— Я не охочусь на людей.
— Не уверена. Я по-прежнему мало знаю о тебе.
— И что мне сделать?
— Полагаю, примерно то же, что и раньше, — пожала она плечами. — Решать все самому. Ты же по-другому не сможешь, ты же Моджеевский.
— Ну давай вместе, — он усмехнулся, пожал плечами и кивнул в сторону картонки, которую она по-прежнему держала в руках. — Сейчас иди это выброси. Потом мы с тобой обсудим, могу ли я тебе подарить конфеты, и, если ты согласишься с моими доводами целесообразности такого поступка, я сгоняю в магазин. Обещаю даже пешком сходить. Тут за углом как раз есть, бабка ваша говорила, что корейцы держат.
Ее брови подлетели вверх. Она сначала опустила взгляд к розам, потом обратно к Богдану. А потом широко улыбнулась и заявила:
— Дудки! Мне такие никогда не дарили. И я сейчас сделаю страшное признание, к которому ты можешь оказаться не готов.
— Думаешь?
— Где я и где «думаю»? — хмыкнула она, кивнув в сторону Андрея, в это время поднявшего в воздух машинку, изображая ее полет над игрушечным лесом.

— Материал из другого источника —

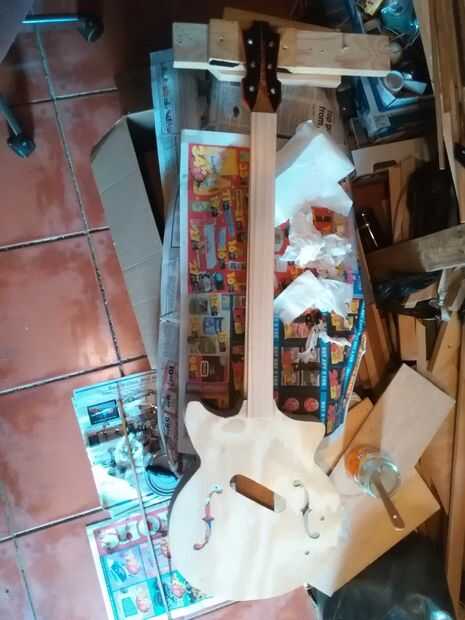 Una vez completo el tablero del traste, he marcado en el cuerpo donde tengo que cortar un lugar por el extremo ancho de la Junta de traste para adaptarse. No hay ninguna foto de mí hacer este corte, pero usted puede ver la diferencia en las fotos del siguiente paso.

— Сейчас неважно. Оглашай!
— Как скажешь. Я люблю шоколад. Я люблю розы. Я люблю, когда мне что-то дарят просто так, без повода, не на восьмое марта и не на день рождения… И еще мне нравится то, что ты за мной… ухаживаешь. Еще мне очень не хочется возиться с пирогом, потому предлагаю ограничиться твоим подарком в качестве десерта.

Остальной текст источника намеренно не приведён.